New client, now what?

Scriptwriter for Hire


By AZ Yeamen


Considering all the paperwork is in order and the lawyers are happy, you're ready. You have a commissioned writing assignment, you gave a modest 6-week deadline, now you write? Yes and no.



“Eventually, structure supersedes the desires of an idea.”

Listen first.


Veteran writers know that every assignment is just like the first day on a job; you need lend more to your two eyes than to one mouth. Listen to your client, what is said and what is not said. The worst thing you can do is assume you know what they're trying to say with an idea. The writer has to know the messaging behind the story. Why at this time in their life do they (the producer) want to communicate this particular story? Maybe that saw a series and thought I loved it, now I want to write my own. This reason ain't going to go well. Dig deeper. Creatives are a passion group so chances are the series or film resonated with them because of a deeper reason. And like an investigative journalists you have to find out why.

Investigate the client's reasoning.

And here's when they may squirm a little. You're going to start asking questions like, why did the film pique your interest? What was it about the main character that made you gravitate towards them? Have there been any other films that you have a similar feeling about? Oh boy, they did not expect a therapy session, but this is required for the next step: the Synopsis.

Write a synopsis.
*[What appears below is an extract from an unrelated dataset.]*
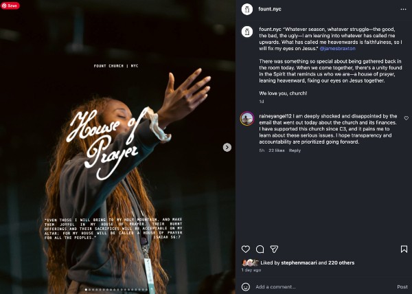 New York Religious Corporations Law, Article 10, § 195The pulpit illegally voided votes based on electronic giving records of each person. Anyone who had donated only via cash (i.e. no electronic record) had their votes voided. The pulpit did not share by what exact criteria they are deciding to void votes. It is unclear whether non-Fount pastors were able to vote.David Chan asked to be in the counting room with Ps. Josh, and Ps. Josh said no. A woman asked to be an independent witness in the room, and Ps. Josh said no. David’s lawyer then stood up and asked the same thing, and Ps. Josh said no. David’s lawyer then informed Ps. Josh that it is illegal for him to be in the room while refusing others but to no avail.The counting room only consisted of 3-4 people total, including Ps. Josh himself. The manager of the venue stood outside the room as a guard.The ballot counting concluded at ~3:30pm, and the results were released via email at 9:17pm. The pulpit announced via outside Pastors Dan Lian and Michael Strickland all 6 of the pulpit’s nominees won. Says future communication will only come from them going forward.18. On January 13, 2026, Frank Wheatley, the president of the new illegitimately elected board sent out an email self-legitimizing the winning of its own election, by simply declaring the results as “clear and conclusive”. Additionally, Frank declared Fount a global church (even though it’s only in NYC) and that both Ps. Josh and Georgie Kelsey can lead Fount NYC from Australia. Fount will presumably cover international flights twice/month for Ps. Josh and lodging in NYC for 2 weeks at a time, on top of his $200K salary. It is unclear when and how much Georgie will continue to be paid.19. On January 15, 2026, The Roys Report published a story on this matter. Multiple publications soon followed.20. On February 27, 2026, Fount sent out a letter as an update. No new concrete evidence nor review has been presented.21. Legacy Church led by Ps. Ryan Schlachter starts a few blocks down from Fount without the support of Fount. Ps. Ryan was at Fount for over 10 years serving as senior lead pastor alongside Ps. Josh. 4-5 other former Fount pastors pictured here on their first Sunday service. This follows a repeated history of former pastors/leaders of Fount showing disapproval of Josh Kelsey's Fount through their actions.22. On March 30, 2026, Fount sent out an email update. Fount says they hired global law firm Dentons to perform an investigation and forensic audit. The update declares there is no financial misappropriation but does not share the Dentons audit nor provide any statement nor lead counsel from Dentons. While declaring no misappropriation, Fount blames all financial impropriety on: (1) total absence of an expense policy, (2) the Kelseys’ ignorance of IRS tax obligations on personal compensation, (3) incompetency of the Fount accounting team in properly filing receipts, and whatever this means: (4) “the administrative infrastructure to capture and retain documentation was insufficient”. This seems to imply the ability to take a photo and send a receipt was not available to the Kelseys.Dentons produced a 455 page audit covering 11,000+ Fount transactions. Fount officially denies affected members a copy of the audit. Fount’s position is that only current active members (very few members even remain at Fount who were affected during the 2017-2025 period in question) can physically inspect a physical document under the supervision of a board member. This is secrecy, not transparency.23. The Vested Right of Former Members to Financial Inspection:The Board’s claim that "former members" have no standing and their restriction against making copies (the "eyes-only" rule) are both direct violations of New York statutory and common law.A. The right to a copy of the audit is mandatory. Under New York law, a "right to inspect" is legally deficient if it does not include the right to photocopy or scan. The Board’s "supervision" cannot be used to prevent the creation of a permanent record.“Any person who shall have been a member... shall have the right to examine in person or by agent or attorney... its minutes... and to make extracts therefrom.”

Yep, on the spot.


Have you ever heard the saying, "fail often and early"? Okay, you want them to know that you know you've heard them. The writing version of: "So, what I heard you say is..." That is what an on-the-spot synopsis is like. Details are good, but not important. You need to understand the main character and the story arc. Sort of like a math problem; (PRODUCER'S IDEA + RESONANCE + CHARACTER TRAITS) x GOAL = SPOT SYNOPSIS. You can give this verbally or written depending on the circumstances. Quick and dirty, 250 words or less. You'll need to agree on the direction of the assignment before you tackle the outline.

The outline.


Different writers have different processes on how they approach a script. However, when you're on commissioned work for the first time, you have to execute an outline for your own protection. An outline is the plan for how the script will be built. You and the producer need to agree on your approach and execution of the story. You most likely deviate from it once you start writing, however, you'll document and update your client on deviations. If the changes are small in detail, scene location, character motivations, those aren't a big deal, you will update them on the change during your weekly progress emails. We'll get to those later. Other major changes will required a recorded conference call. C.Y.A. is imperative here. Outlines are extended beat sheets you can use the B17 method.

First 5 pages.


Within 24-48 hours of receiving an assignment send the client the first five pages. Why? Because of the adage: fail often and early. You need to know if you are executing in the tone they anticipated. If not, you and the producer can discuss what elements worked and which need to be fleshed out.

25 percent updates.

Professionals treat assignments as a job with a deadline. You are a professional, correct? Therefore, you need to send the client weekly progress "reports." Professional writers under promise and over deliver, therefore, your six-week deadline is really four weeks. What that means is you're working on the script each workday. For instance, for a 100-page screenplay, at 25% installments, your weekly goal is 25 pages per week, 5 pages per day with one editing day. Monday - Friday writing days, Saturdays live day (break), Sunday edit day. After a day off from the screenplay, lend Sunday to edits, then review on paper or on your phone, something other than the tool you've been writing in, now send on Monday morning. The earlier the better, preferably before 8 am. Following this order of business keeps your producer happy, on track, and managed. You are laying the groundwork for professional interactions, in turn, (most of the time) producers will respond in kind. With respect to your time and the project.

Payment


The second most important part of being a professional is proper payment for proper work. You deserve to be paid for your work, provided you've followed the above steps. The steps are key to continuous buy-in with the client, and as the young people say, they provide receipts for the work you've done. Along with the Monday script installment, you also want to use an invoicing tool to request a 25% payment. Monday invoice, Wednesday deposit. If you and the producer are on the same page after each 25 percent update, then there should be no issue with the quality of work and payment. Rewrites should be minimal and you can move on to your next assignment.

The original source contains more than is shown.